Answer: 2 and 4 are multiple regressions.
Model 1 does only considers one predictor variable ($$x_i$$) and can thus not be a multiple regression. Models 2 and 4 contain multiple predictors with ($$x_i$$ and $$z_i$$) with separate slope parameters ($$\beta_x$$ and $$\beta_z$$) and thus qualify to be considered multiple regressions. The presence or absence of an intercept parameter ($$\alpha$$) does not change this interpretation.

Model 3 is a tad out there. While it only contains one slope parameter ($$\beta$$), it does make use of two variables ($$x_i$$ and $$z_i$$). It can be rewritten as $$μ_i=α+βx_i–βz_i$$. Now, the notation is in line with models 2 and 4, but has a fixed slope for both. For that reason, I do not think that it is a multiple regression.

## Practice E2

Question: Write down a multiple regression to evaluate the claim: Animal diversity is linearly related to latitude, but only after controlling for plant diversity. You just need to write down the model definition.

Answer: $$Div_ {Animals} = \alpha + \beta_{Lat}Lat + \beta_{Plants}Div_{Plants}$$

## Practice E3

Question: Write down a multiple regression to evaluate the claim: Neither amount of funding nor size of laboratory is by itself a good predictor of time to PhD degree; but together these variables are both positively associated with time to degree. Write down the model definition and indicate which side of zero each slope parameter should be on.

Answer: $$T = \alpha + \beta_FF + \beta_SS$$
with $$T$$ (time to PhD), $$F$$ (funding), and $$S$$ (size of laboratory).

On a side-note, I am a bit unclear as to whether the question should really state that they have a “positive” effect as this indicates, by intuition, a decrease in time to PhD, but in statistical terms, denote the exact opposite.

Since the combined effect of both slopes is supposed to be positive, the individual slopes must both be positive (or negative, depending on what you understand by “positive effect on time”).

## Practice E4

Question: Suppose you have a single categorical predictor with 4 levels (unique values), labelled $$A$$, $$B$$, $$C$$ and $$D$$. Let $$A_i$$ be an indicator variable that is 1 where case $$i$$ is in category $$A$$. Also suppose $$B_i$$, $$C_i$$, and $$D_i$$ for the other categories.

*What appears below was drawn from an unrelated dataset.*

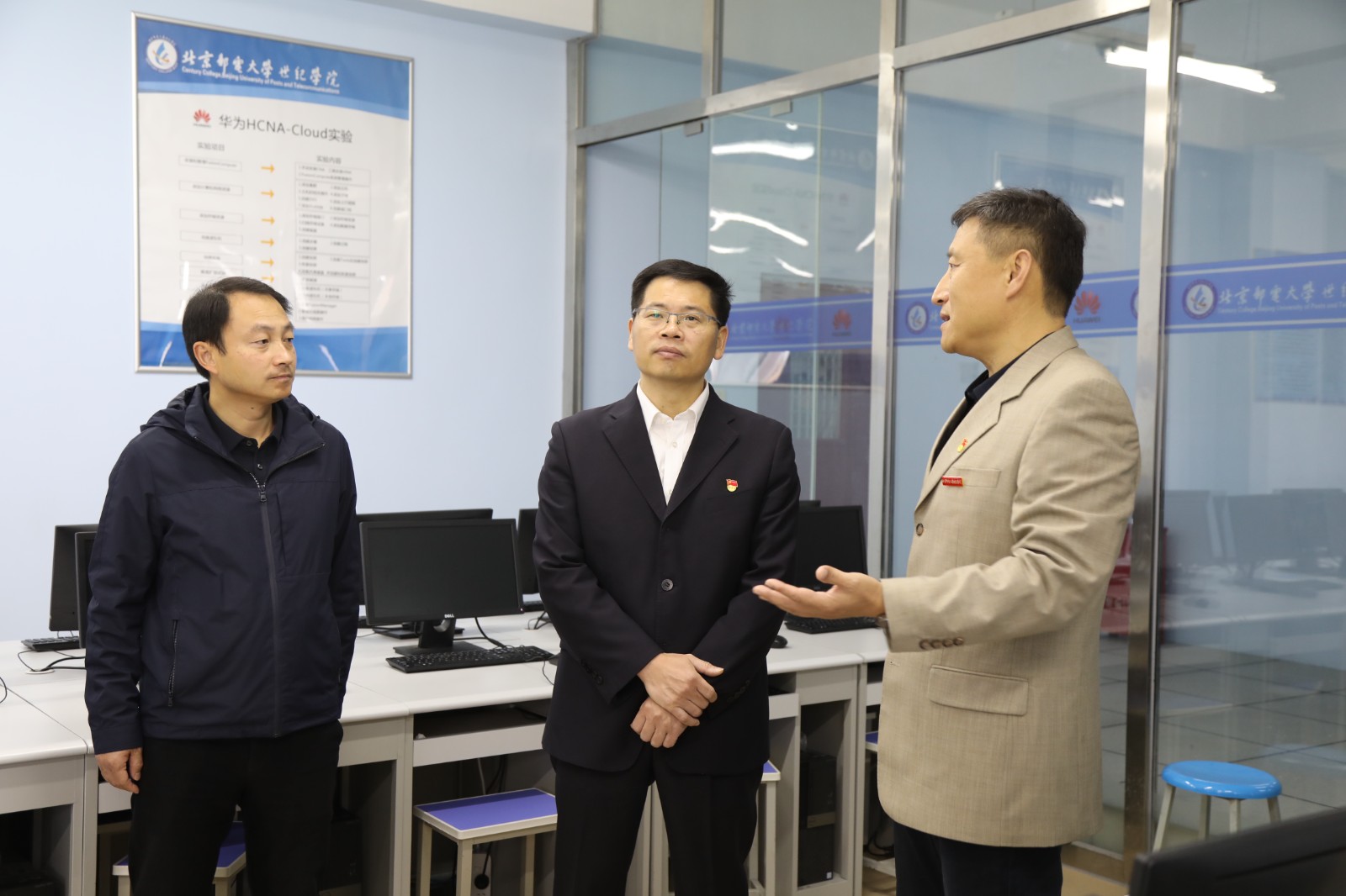 宋紅偉檢察長一行調研了學院行知樓實驗教學中心,在參觀了由中國長城博物館與學院聯合舉辦的“長城文化進校園”系列活動之“眾志成城——紀念‘愛我中華 修我長城’社會贊助活動40周年”主題巡展后,特別調研了學院北京高等學校實驗教學示范中心——5G仿真平臺實驗室、大數據存儲/大數據綜合實訓實驗室、互聯網金融實驗室、全景虛擬商業社會環境(VBSE)綜合實驗室及數字媒體實驗教學中心,并聽取了學院就學院科研團隊主導創設的“手機(移動終端)動漫標準”“文化藝術AR呈現技術需求及應用框架”“云游戲技術要求及參考架構”國際標準及《手機動漫文件格式》國家標準的介紹。
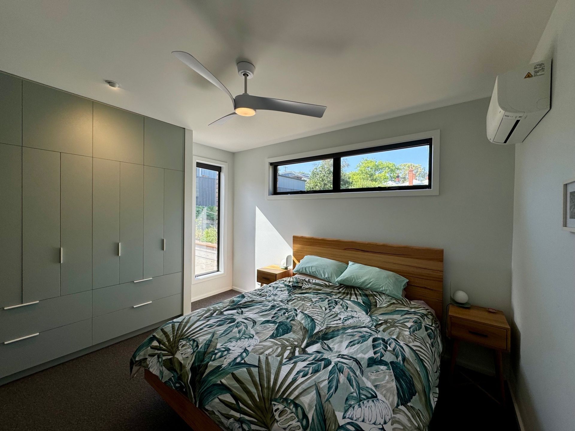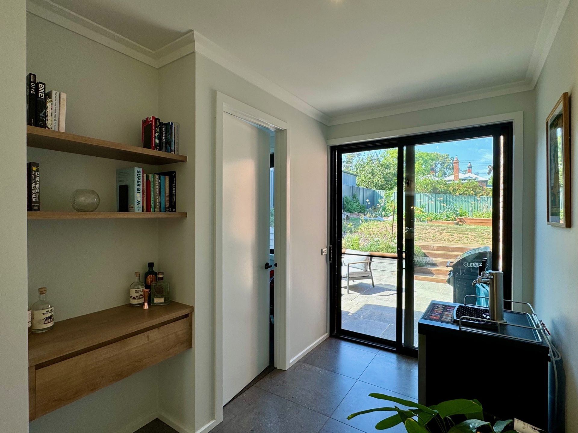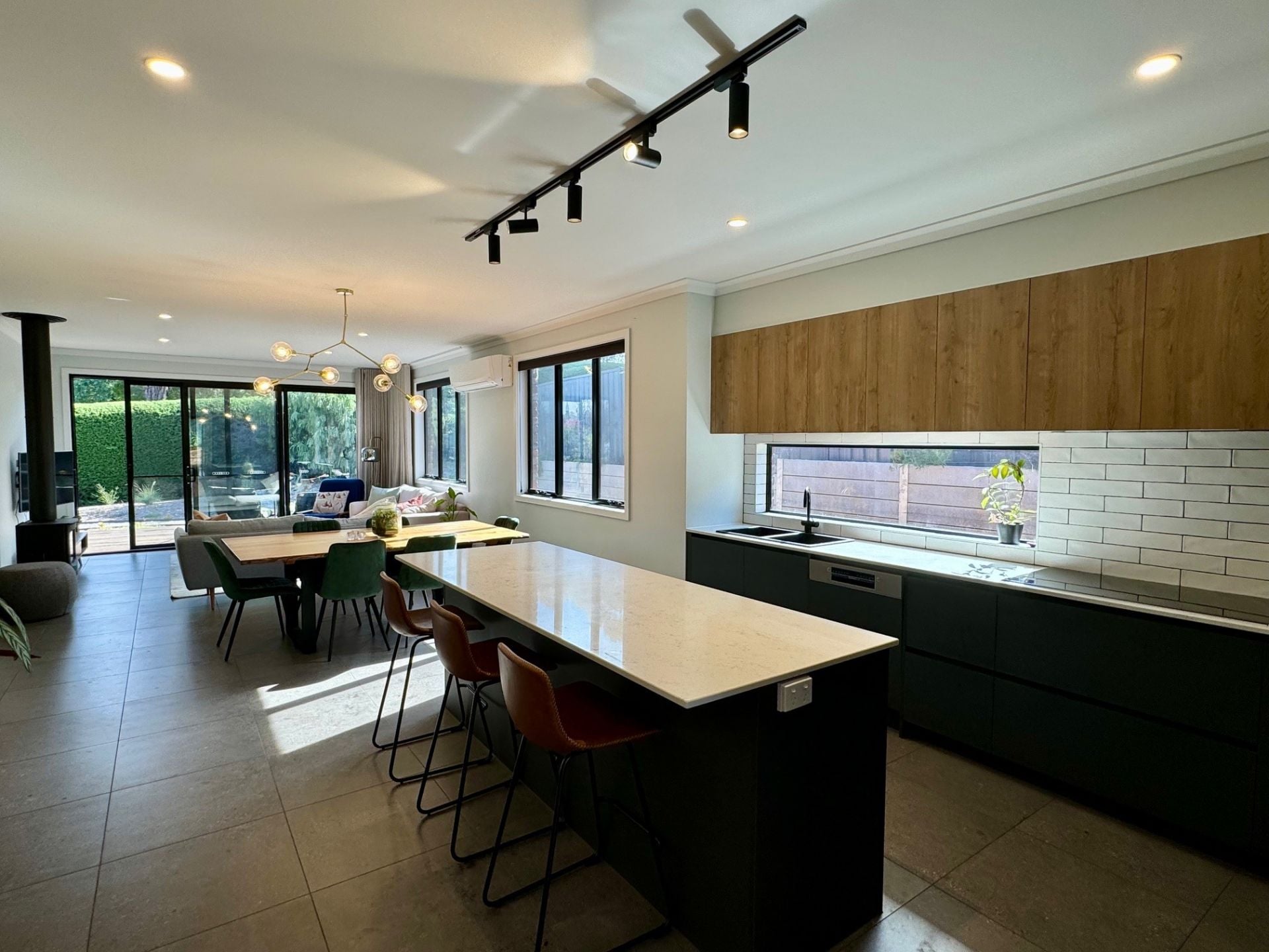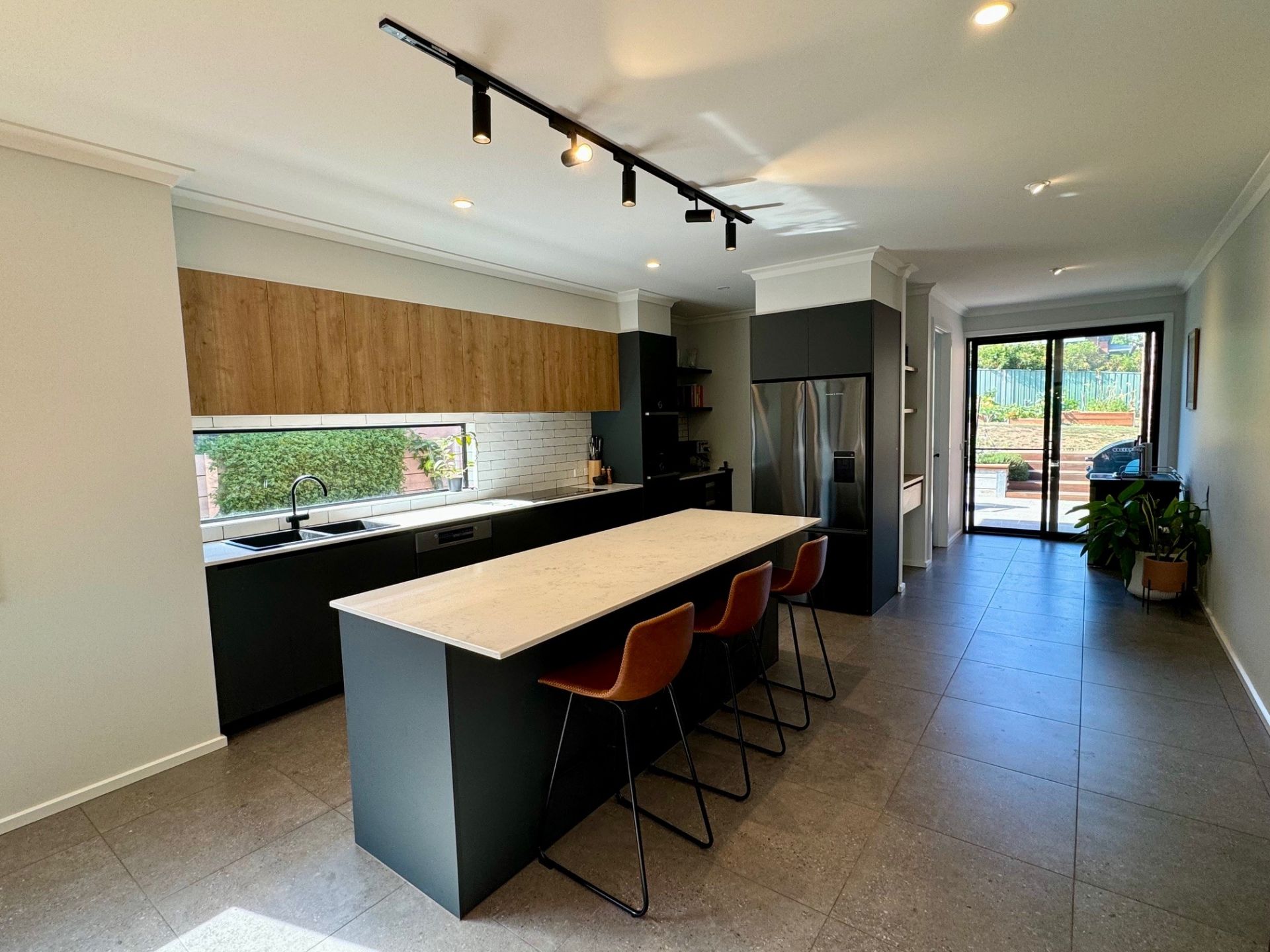 The open-plan kitchen and living area is designed for modern living with access to a north facing deck. A galley-style kitchen that boasts a picture window, island bench, walk-in pantry, electric stove top and oven, and a dishwasher-perfect for entertaining or relaxing at home. A dedicated study nook provides an ideal space for working or hobbies, while ample storage throughout keeps everything organised.

Now which of the following linear models are inferentially equivalent ways to include the categorical variable in a regression? Models are inferentially equivalent when it’s possible to compute one posterior distribution from the posterior distribution of another model.

1. $$μ_i=α+β_AA_i+β_BB_i+β_DD_i$$
2. $$μ_i=α+β_AA_i+β_BB_i+β_CC_i+β_DD_i$$
3. $$μ_i=α+β_BB_i+β_CC_i+β_DD_i$$
4. $$μ_i=α_AA_i+α_BB_i+α_CC_i+α_DD_i$$
5. $$μ_i=α_A(1–Bi–Ci–Di)+α_BB_i+α_CC_i+α_DD_i$$

Answer: Model 1 and 3-5 are inferentially equivalent.
Models 1 and 3 both make use of 3 of the 4 total indicator variables which means that we can always derive the the parameter estimates for the 4th indicator variable from a combination of the three parameter estimates present as well as the intercept. Model 4 is akin to an index variable approach which is inferentially the same as an indicator approach (Models 1 and 3). Model 5 is the same as Model 4, so long as we assume that each observation has to belong to one of the four indicator variables.

# Medium Exercises

Time to get into R:

rm(list = ls())
library(rethinking)
library(ggplot2)
library(GGally)
library(dagitty)

## Practice M1

Question: Invent your own example of a spurious correlation. An outcome variable should be correlated with both predictor variables. But when both predictors are entered in the same model, the correlation between the outcome and one of the predictors should mostly vanish (or at least be greatly reduced).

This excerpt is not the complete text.